How’d we pick the products for the anti-phishing test?

I’ve gotten several inquiries about how we selected the products we tested in the anti-phishing technology evaluation. That’s a fair question; some companies are unhappy that they were included, and some that they weren’t.

When we defined the parameters for the testing, we selected the vendors that had either browser-based toolbar add-ons or built-in anti-phishing technology in the browser as of May 2006 and that (in our opinion or by market data) had a significant usage presence. There are dozens of products that meet the first test, but not that many that meet the second. We picked the top 8 based on our understanding of actual usage and deployment. I didn’t want to include payware products because the original objective was for us to help Microsoft understand how well IE 7 worked compared to its biggest competitors– and in this market segment, payware products are at a disadvantage.
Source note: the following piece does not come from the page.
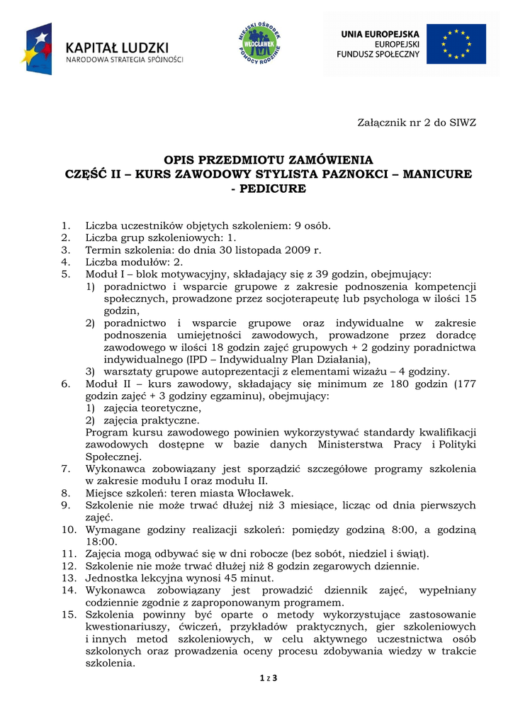 Załącznik nr 2 do SIWZ OPIS PRZEDMIOTU ZAMÓWIENIA CZĘŚĆ II – KURS ZAWODOWY STYLISTA PAZNOKCI – MANICURE - PEDICURE 1. 2. 3. 4. 5. 6. 7. 8. 9. 10. 11. 12. 13. 14. 15. Liczba uczestników objętych szkoleniem: 9 osób. Liczba grup szkoleniowych: 1. Termin szkolenia: do dnia 30 listopada 2009 r. Liczba modułów: 2. Moduł I – blok motywacyjny, składający się z 39 godzin, obejmujący: 1) poradnictwo i wsparcie grupowe z zakresie podnoszenia kompetencji społecznych, prowadzone przez socjoterapeutę lub psychologa w ilości 15 godzin, 2) poradnictwo i wsparcie grupowe oraz indywidualne w zakresie podnoszenia umiejętności zawodowych, prowadzone przez doradcę zawodowego w ilości 18 godzin zajęć grupowych + 2 godziny poradnictwa indywidualnego (IPD – Indywidualny Plan Działania), 3) warsztaty grupowe autoprezentacji z elementami wizażu – 4 godziny. Moduł II – kurs zawodowy, składający się minimum ze 180 godzin (177 godzin zajęć + 3 godziny egzaminu), obejmujący: 1) zajęcia teoretyczne, 2) zajęcia praktyczne. Program kursu zawodowego powinien wykorzystywać standardy kwalifikacji zawodowych dostępne w bazie danych Ministerstwa Pracy i Polityki Społecznej. Wykonawca zobowiązany jest sporządzić szczegółowe programy szkolenia w zakresie modułu I oraz modułu II. Miejsce szkoleń: teren miasta Włocławek. Szkolenie nie może trwać dłużej niż 3 miesiące, licząc od dnia pierwszych zajęć. Wymagane godziny realizacji szkoleń: pomiędzy godziną 8:00, a godziną 18:00. Zajęcia mogą odbywać się w dni robocze (bez sobót, niedziel i świąt). Szkolenie nie może trwać dłużej niż 8 godzin zegarowych dziennie. Jednostka lekcyjna wynosi 45 minut. Wykonawca zobowiązany jest prowadzić dziennik zajęć, wypełniany codziennie zgodnie z zaproponowanym programem. Szkolenia powinny być oparte o metody wykorzystujące zastosowanie kwestionariuszy, ćwiczeń, przykładów praktycznych, gier szkoleniowych i innych metod szkoleniowych, w celu aktywnego uczestnictwa osób szkolonych oraz prowadzenia oceny procesu zdobywania wiedzy w trakcie szkolenia. 1z3 16. Wykonawca zobowiązany jest wyznaczyć osobę sprawującą nadzór wewnętrzny nad przebiegiem szkolenia, mający na celu podnoszenie jakości prowadzonego szkolenia. 17. Wykonawca zapewnia catering dla uczestników szkolenia, obejmujący między innymi przygotowanie poczęstunku w formie ciepłego drugiego dania każdego dnia oraz stałego dostępu do zimnych napojów, kawy i herbaty. 18. Program szkoleń na dany dzień musi uwzględniać przerwę na posiłek, o którym mowa w pkt 17. 19. Wykonawca zapewni (umieszczając w kosztach szkolenia) materiały niezbędne do realizacji kursu, w tym: ubrania robocze wymagane dla stylisty paznokci, skrypty książki, a także dla każdego uczestnika materiały piśmiennicze (np. zeszyt, długopis). 20. Wykonawca zobowiązany jest do zapewnienia warunków szkolenia zgodnie z przepisami bezpieczeństwa i higieny pracy w trakcie szkolenia. 21. Wykonawca zobowiązany jest do sfinansowania kosztów ubezpieczenia NNW uczestników szkolenia oraz badań lekarskich dopuszczających do wykonywania zawodu stylisty paznokci. 22. Wykonawca zobowiązany jest do przeprowadzenia ankiety wśród uczestników szkolenia na początku oraz po jego zakończeniu, zgodnie z kwestionariuszem ankiety dostarczonym przez zamawiającego. Ankieta zostanie dostarczona wykonawcy, którego oferta zostanie uznana za najkorzystniejszą przed podpisaniem umowy. 23. Wykonawca na bieżąco będzie informował zamawiającego imiennie o nieobecności na szkoleniu osób skierowanych przez zamawiającego, nie zgłoszeniu się tych osób na szkolenie lub też rezygnacji z uczestnictwa w szkoleniu w trakcie jego trwania – pod rygorem odmowy przez zamawiającego zapłaty za szkolenie tych osób. 24. Wykonawca przedkłada zamawiającemu listy obecności za poszczególne dni szkolenia, co dziennie. 25. W przypadku skierowania mniejszej ilości osób na szkolenie i braku możliwości przyjęcia nowej osoby do uzupełnienia, Wykonawca zobowiązuje się zweryfikować preliminarz kosztów szkolenia stosownie do ilości osób uczestniczących w szkoleniu i przesłać go wykonawcy. 26. Wykonawca zobowiązany jest do promowania projektu, poprzez oznaczenie wszelkiej dokumentacji logotypami projektu. 27. Zamawiający dostarczy materiały do oznakowania pomieszczeń promujące realizowany projekt. 28. Po zakończeniu cyklu szkoleń wykonawca obligatoryjnie musi dostarczyć zamawiającemu: 1) potwierdzenie odbioru materiałów szkoleniowych przez uczestników kursu, 2) kopię protokołu egzaminacyjnego z wyszczególnieniem osób, które nie przystąpiły do egzaminu, nie zdały egzaminu, i które egzamin zdały, 3) kserokopie zaświadczeń lub innych dokumentów potwierdzających ukończenie szkolenia, 4) imiennego wykazu osób, które nie ukończyły cyklu szkoleń, 5) ankiety, o których mowa w pkt 22. 29. Wykonawca zobowiązany jest wydać uczestnikom szkolenia zaświadczenia zgodnie ze wzorem stanowiącym załącznik nr 3 do rozporządzenia Ministra Edukacji i Nauki z dnia 3 lutego 2006 r. (Dz.U. Nr 31, poz. 216) lub 2z3 zaświadczeń wymaganych innymi przepisami prawa, zaświadczenia o ukończeniu bloku motywacyjnego i doradztwa zawodowego oraz stosowny certyfikat uczestnictwa w szkoleniach z informacją o sposobie finansowania szkolenia (projekt współfinansowany przez Unię Europejską w ramach Europejskiego Funduszu Społecznego). 3z3

Would we have preferred to test all the products? Sure. The team at Carnegie Mellon that did a similar study (with a smaller list of products and a smaller set of URLs) said the same thing. However, we had to draw the line somewhere. When we redo the tests, we’ll probably change the product mix around; I’d expect to see Firefox 2.0 included, and maybe some of the commercial products.

To address Symantec’s complaint, I’d make two points. First, Norton Confidential wasn’t announced until June, so how could we have included it? You’re making the Firefox argument. We only tested products that were publicly available at the start of our time period; we excluded Norton Internet Security 2006 because it was commercial (and I suspect that if we’d tested the 2006 version, we’d be hearing that we should’ve tested the 2007 version instead. Sic transit gloria annual releases…)

Second, it’s pretty worthless to have a blog but not allow comments or trackbacks. That’s not a blog, it’s a monologue. Whatever you think of the quality of Microsoft’s products (including IE), you have to admit that they have aggressively embraced blogging as a way to communicate directly with customers– something I’d like to see more security companies emulate.

Update: fixed the link to McAfee’s SiteAdvisor blog.